By Miles Burke

Reflect on 2011, Plan for 2012

By Miles Burke

I’m excited about the New Year: a new year always heralds new opportunities, and a chance to work on planning for the coming 12 months. Whilst it is easy to have plans such as ‘Do bigger projects’ or ‘Make better websites’, these are pretty vague goals. In order to look at creating new goals, I always look to the previous year to get a sense of where we’ve just been.

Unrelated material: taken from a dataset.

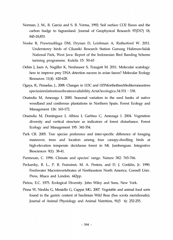 504 Norman, J. M., R. Garcia and S. B. Verma, 1992Soil surface CO2 fluxes and the carbon budge to fagrassland. Journal of Geophysical Research 97 D17 18, 845-18,853. Noske R, Prawiradilaga DM, Drynan D, Leishman A, Rutherford W. 2011. Understorey birds of Cikaniki Research Station Gunung Halimun-Salak National Park, West JavaReport of the Indonesian Bird Banding Scheme tarining programme. Kukila 1...

Here are six metrics you can get from your accounting that will help explain trends in your business.

Total Turnover

This figure is important, however it isn’t as important as we may all be led to believe. What was the pre-tax income your business made last year?


Total Profit

This is where the money is, pardon the pun. Although turnover is nice, profit is what puts food on your table. What was your actual income after taxes, payroll, leases, insurance and other costs?

Profit Margin

This is the percentage of turnover that equals profit. Say you made $500,000 turnover, and $100,000 profit, then you have a healthy 20% profit margin.

Average project cost

This is a very interesting figure. Looking at your turnover, divided by the amount of projects you completed in 2011, gives you your average project cost. Sure, some projects will be big, and more will be little, however this is still a great metric to have on hand.

Turnover per Client

Do the same calculation as projects, however this time use the number of clients you invoiced to give you a turnover per client figure.

Now that we have these five figures, we can start to work out some interesting figures. For example, using your calculated total turnover and total profit divided by 12, will give you your average monthly turnover and profit.

The goal now is to beat these averages every month – you have a base target now, so who wants an extra 20%? Let’s set a stretch target and aim for it every calendar month.

Using average project cost, you now have a target to beat – see if you can only work on projects with a higher income than your average, and avoid those with little margins.

Let’s work out your average profit per client. Using your profit margin, you can now work out the profit percentage of turnover per client. Now there’s a figure that you must aim to beat – remember, it’s easier to increase profits on the same number of projects this year, than increase your number of projects altogether. Both targets would be a nice fit though, I’m sure you’ll agree.

Now, stick these figures somewhere you can refer to, and take a look at the end of each calendar month. How are you going with increasing your project totals, profit margins and amount of clients? A few percent increase on all three will make a far healthier profit at the end of 2012 – good luck on your journey!